====== GIVEN ENTRIES ======
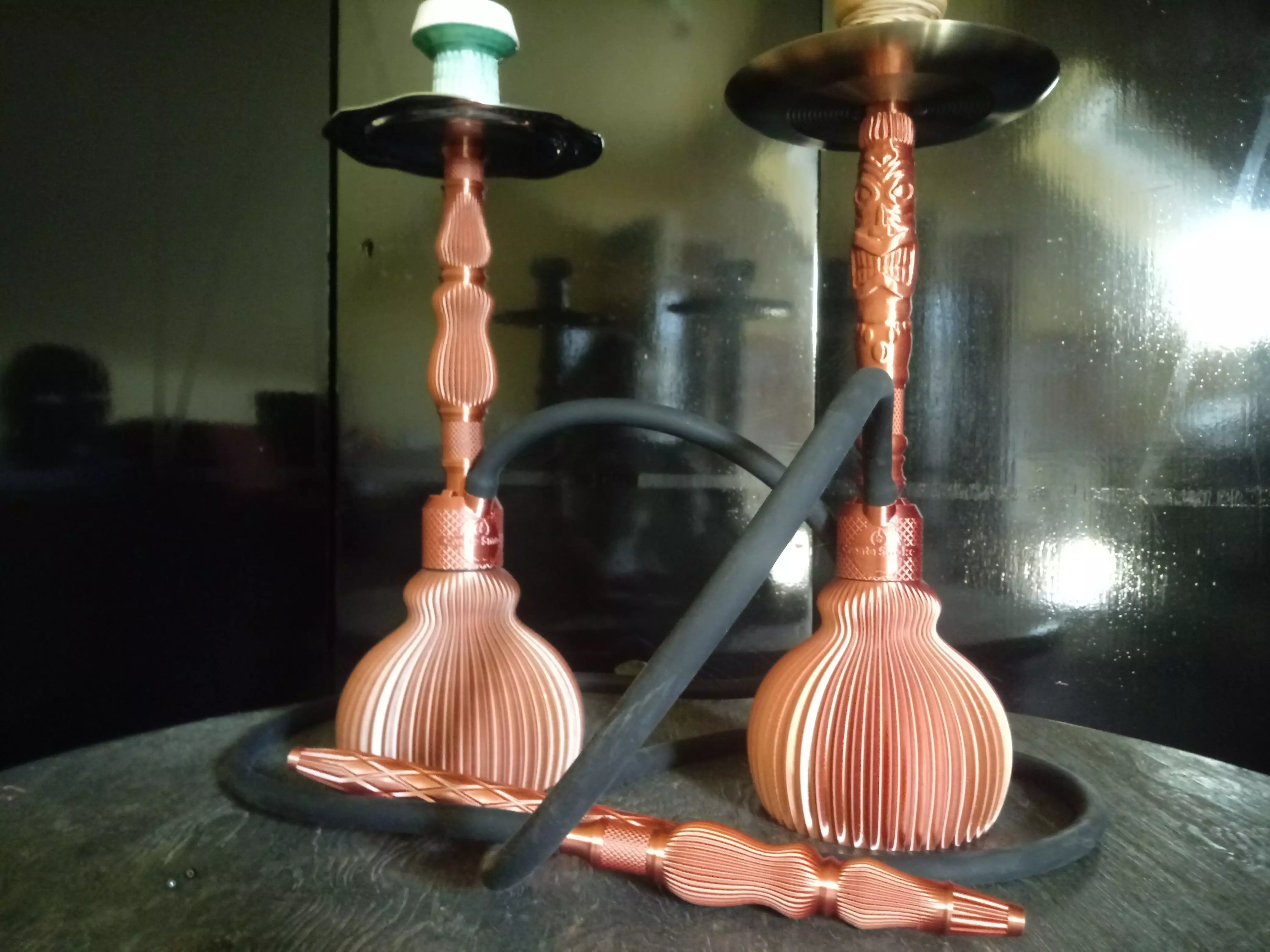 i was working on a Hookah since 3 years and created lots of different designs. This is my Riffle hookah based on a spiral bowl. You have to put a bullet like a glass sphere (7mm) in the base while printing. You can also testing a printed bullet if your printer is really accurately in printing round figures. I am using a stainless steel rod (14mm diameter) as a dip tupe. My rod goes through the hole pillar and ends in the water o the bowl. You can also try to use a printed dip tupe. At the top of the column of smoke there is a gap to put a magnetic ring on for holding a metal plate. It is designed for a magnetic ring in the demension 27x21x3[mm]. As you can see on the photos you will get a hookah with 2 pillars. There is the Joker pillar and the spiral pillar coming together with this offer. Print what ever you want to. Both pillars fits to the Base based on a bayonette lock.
======
====== GIVEN ENTRIES ======
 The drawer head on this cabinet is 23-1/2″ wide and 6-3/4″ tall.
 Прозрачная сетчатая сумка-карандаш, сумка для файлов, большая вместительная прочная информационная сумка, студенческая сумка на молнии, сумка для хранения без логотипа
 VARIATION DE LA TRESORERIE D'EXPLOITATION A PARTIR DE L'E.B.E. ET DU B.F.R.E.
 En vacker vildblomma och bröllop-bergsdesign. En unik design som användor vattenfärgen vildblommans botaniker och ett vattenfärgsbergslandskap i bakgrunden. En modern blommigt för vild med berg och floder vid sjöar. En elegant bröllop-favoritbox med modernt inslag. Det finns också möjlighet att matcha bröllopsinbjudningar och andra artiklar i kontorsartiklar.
======
:: TASK DIRECTIONS ::
Your task is to retype the entries verbatim, starting with the line that holds "VARIATION DE LA" and stopping after the line that holds "En vacker vildblomma".

:: YOUR SOLUTION ::
 VARIATION DE LA TRESORERIE D'EXPLOITATION A PARTIR DE L'E.B.E. ET DU B.F.R.E.
 En vacker vildblomma och bröllop-bergsdesign. En unik design som användor vattenfärgen vildblommans botaniker och ett vattenfärgsbergslandskap i bakgrunden. En modern blommigt för vild med berg och floder vid sjöar. En elegant bröllop-favoritbox med modernt inslag. Det finns också möjlighet att matcha bröllopsinbjudningar och andra artiklar i kontorsartiklar.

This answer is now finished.